# Xbox 360 or 3DS?



## easpa (Apr 22, 2011)

My Birthday is coming up soon, but I'm not quite sure whether I should get an Xbox 360 or a 3DS. Most of my classmates have Xboxs, but I'm not sure if I have the money to pay for Xbox Live every few months. I'm tempted to get a 3DS, but its current game library doesn't appeal to me at all. Wat do?


----------



## Wish (Apr 22, 2011)

3Ds.
Though that's my opinion. I haven't played 360.
Right now, Streetfighter/Nintendogs/Monkeyball is the only thing out there for me, but there's still lots to do while new games come out.


----------



## Vex L'Cour (Apr 22, 2011)

360.

For now the Xbox360 has the larger games, product range etc. Also playability and affordability.

EDIT: Plus Xbox live is cheap really, like ?30 ($40-$50) a year. Thats less than a Runescape or WoW subscription, hell I even think it's less than a CLUB PENGUIN subscription.


----------



## Thunder (Apr 22, 2011)

Probably an Xbox, if you like the exclusives there are for it, since 3DS won't have too much games until June.
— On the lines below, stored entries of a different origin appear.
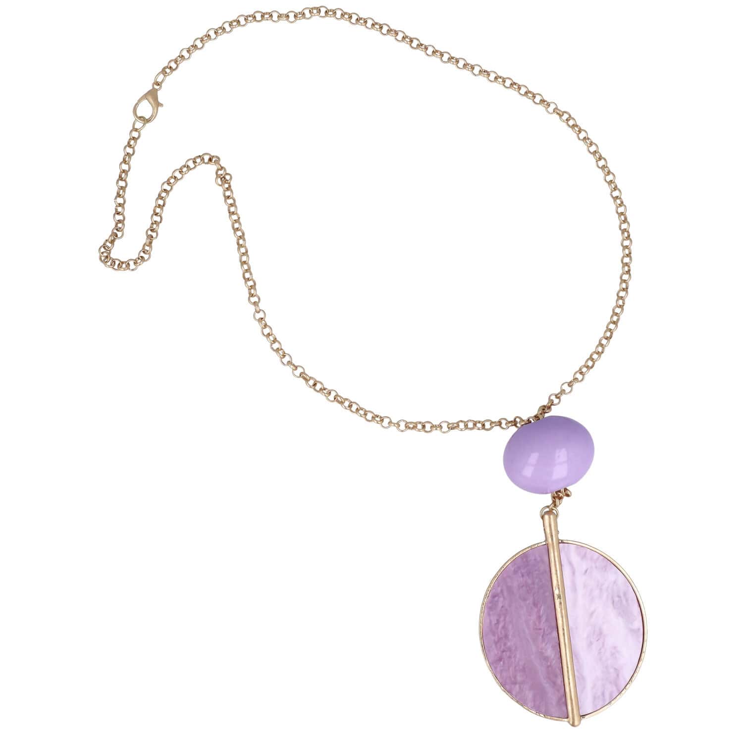 Collana con pendente lavanda e disco marmorizzato viola in acrilico. Delicata, femminile e luminosa. Lunghezza 50 cm
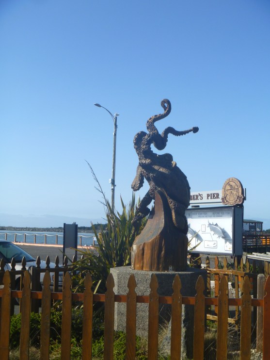 There are some wood, ocean-themed, carvings as you have seen in some of the photos. This is an octopus crawling up something. They are fascinating creatures and very ancient. There is one at the Hatfield Marine Science Center in Newport in a tank. It needs constant tending as it keeps trying to climb out of the tank. If you are there at the right time, you can see it being fed and eating.
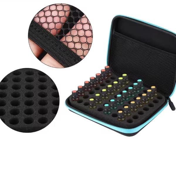 Crafted with premium materials, our large essential oil storage box comes in two main designs to suit your lifestyle and needs. The EVA hard shell case features a tough, shock-resistant exterior with 63 individual slots, keeping each bottle secure and upright. This lightweight and portable essential oil storage bag ensures your oils stay protected from leaks, cracks, and sunlight exposure, maintaining their quality and scent. Its compact design makes it perfect for home use, professional aromatherapy setups, or travel. Available in a variety of colors — Black, Purple, Blue, and Orange — this essential oil storage boxes combines functionality with a modern, stylish look.
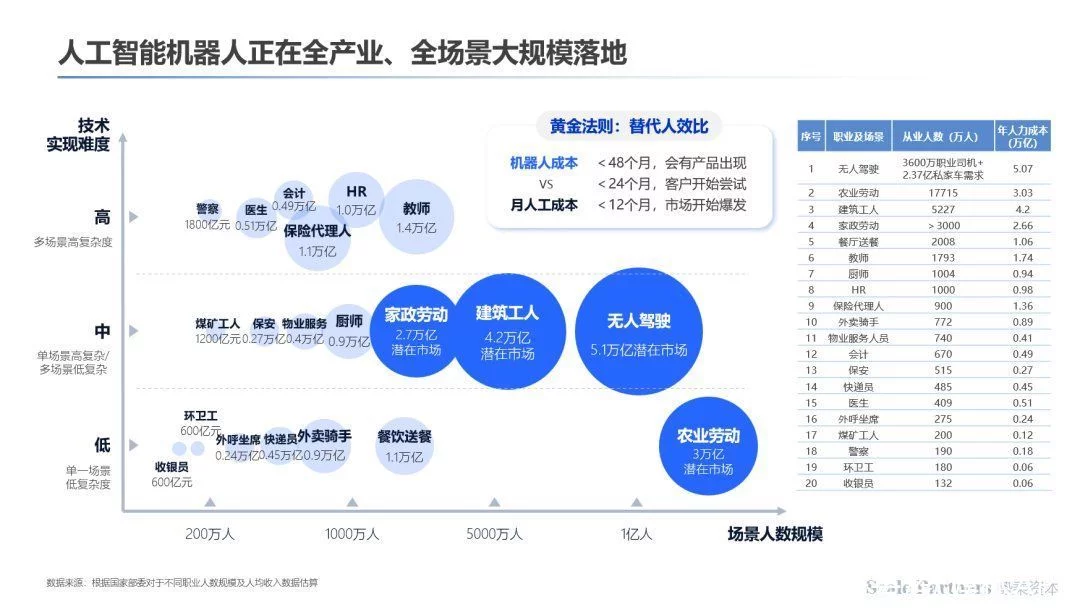4.机构在智能机器人领域投的不只是智能硬件或国产替代,而是在押注未来数个万亿级、数十个千亿级、上百个百亿级职业场景的无人化。在未来,机器人还将推动专业、细分领域的服务普及化,例如让更多人低成本、便捷地享受到高质量的情感陪伴、心理干预治疗等服务。
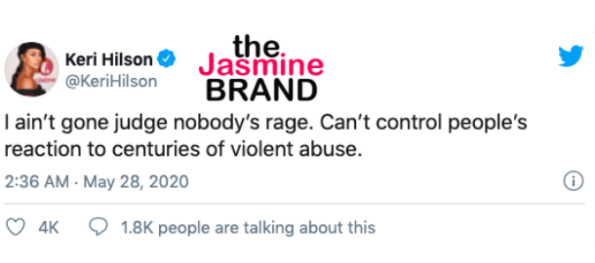 As previously reported, members of the community and public figures have been voicing their issue with the tragedy of George Floyd’s death. Singer Keri Hilson recently tweeted her thoughts on the riots and protests that ensued last night, and she is not judging how anyone decided to show their rage.
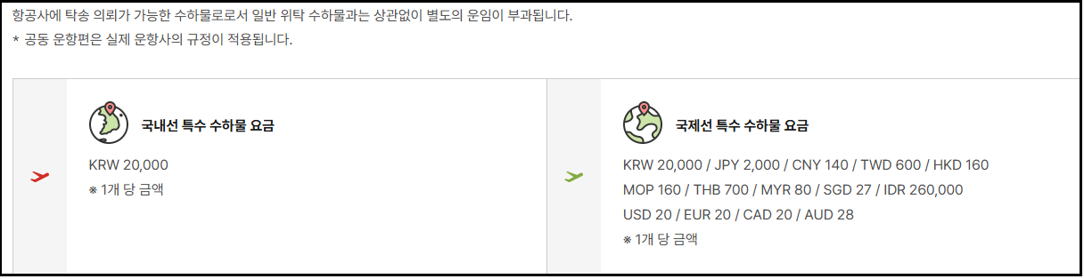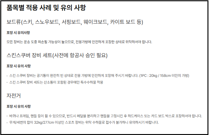 - 특수 수화물은 별도 기준 적용

Although, if you have a dying DS that you frequently play on, have a PS3 and hate the exclusives for Xbox, go with a 3DS.


----------



## Josh (Apr 22, 2011)

Xbox 360, But you can't really compare both.

It's like comparing Water and Chicken (Why do I always mention chicken :/), They both do different things.


----------



## Vex L'Cour (Apr 22, 2011)

Josh said:


> Xbox 360, But you can't really compare both.
> 
> It's like comparing Water and Chicken (Why do I always mention chicken :/), They both do different things.


 
You can **** a chicken but you can't **** water.
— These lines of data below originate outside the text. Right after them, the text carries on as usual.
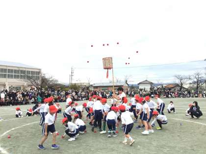 1、2年「おいでん踊り」「紅白花火(玉入れ)」
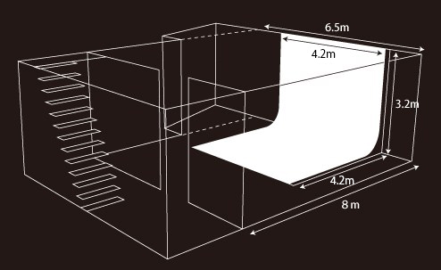 アットホームで居心地のいい雰囲気を大切にした空間は、天井高3m以上の白アールホリゾントも設置しており、商業撮影やオーディション撮影会などに重宝します。
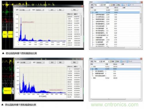 磁環(huán)的效果可以大大削減特定頻率的干擾強(qiáng)度,在增加磁環(huán)前,需要用CANScope或者示波器FFT快速傅里葉變化功能,測試出最高干擾的頻率,然后向磁環(huán)廠家定制對應(yīng)頻率的磁環(huán)。如圖14所示。為增加磁環(huán)前和增加磁環(huán)后的FFT的結(jié)果。可以看出干擾強(qiáng)度明顯減小。
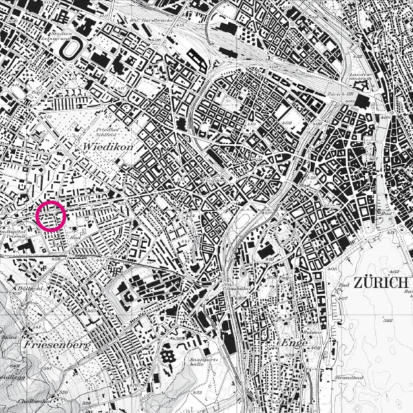 Die lockere, über die Jahrzehnte im Triemliquartier gewachsene Bebauungsstruktur wird in verdichteter Form fortgesetzt. Entlang der beiden stark befahrenen Strassen setzen zwei lange Gebäudekörper einen neuen Akzent und schirmen den Hofraum der Siedlung ab. Die unterschiedliche, städtebauliche Wichtigkeit der beiden Strassenräume kommt in verschieden hohen Gebäudekörpern zum Ausdruck. Nach dem Umbau zur Allee wird die Birmensdorferstrasse zur städtischen Achse, die nach entsprechend starken Gebäuden verlangt. Die Hauptschnittstelle zum städtischen Raum liegt an der aufgebrochenen Ecke bei der Kreuzung der beiden Strassen. Von dort gelangt man über eine diagonale Hauptverbindung in einen parkartigen Hofraum. Diese Wegverbindung schafft auch die Beziehung zum Neubau der Genossenschaft Rotach und zur Paul Clairmont-Strasse. Der Hof wird geprägt durch fünf gleichfalls unterschiedlich hohe Punkthäuser, die einerseits Bezug nehmen zur bestehenden, aufgelockerten Bebauung in der unmittelbaren Umgebung. Anderseits sorgt die gestaffelte Anordnung für Transparenz innerhalb der Siedlung und gibt den Wohnungen Aussicht oder zumindest einen grossen Himmelsanteil.

Like you can **** an Xbox but not a 3DS.



I do not know why I put this B|


----------



## Psychonaut (Apr 22, 2011)

I would say the 3ds, only because it is a new handheld, and the 360 will likely be phased out soon.. i give the current consoles another 2 years, max..  just imo.


----------



## Vex L'Cour (Apr 22, 2011)

Psychonaut said:


> I would say the 3ds, only because it is a new handheld, and the 360 will likely be phased out soon.. i give the current consoles another 2 years, max..  just imo.



I bet you that the 3DS will be quickly replaced by Nintendo. They make at least 1 a year now.
Xbox 360/Ps3 seems to be a console which they make 1 of and it doesn't ''Phase out'' for ALONG time so it's quite a good way of saving money.
​


----------



## Bulerias (Apr 22, 2011)

Absolutely a 360.  The library dwarfs the 3DS's at this point, although this may change in a few years.  But the 3DS will drop at least $50 in a few dollars, so hold off on it and get the system with the superior library.


----------



## Psychonaut (Apr 22, 2011)

Aeri Tyaelaria said:


> I bet you that the 3DS will be quickly replaced by Nintendo. They make at least 1 a year now.
> Xbox 360/Ps3 seems to be a console which they make 1 of and it doesn't ''Phase out'' for ALONG time so it's quite a good way of saving money.
> ​


 could you not post in hard to read annoying colors, plz?  kthx

the ds got many iterations, and that's a fair point to bring up.  i would still say that in the long run, a 3ds would be the better buy at this point.. maybe wait until a lite version comes out, but with birthday, that isn't a choice.  i dunno.  either way you'll have to buy the games, but yeah, the 3ds' library is pretty crap right now.

meh.


----------



## Brad (Apr 23, 2011)

Id say xbox.


----------



## Trundle (Apr 23, 2011)

Ask for money and wait until you're actually ready to decide.


----------



## Denram (May 10, 2011)

360 all the way. Then again my opinion is biased because I hate everything 3D


----------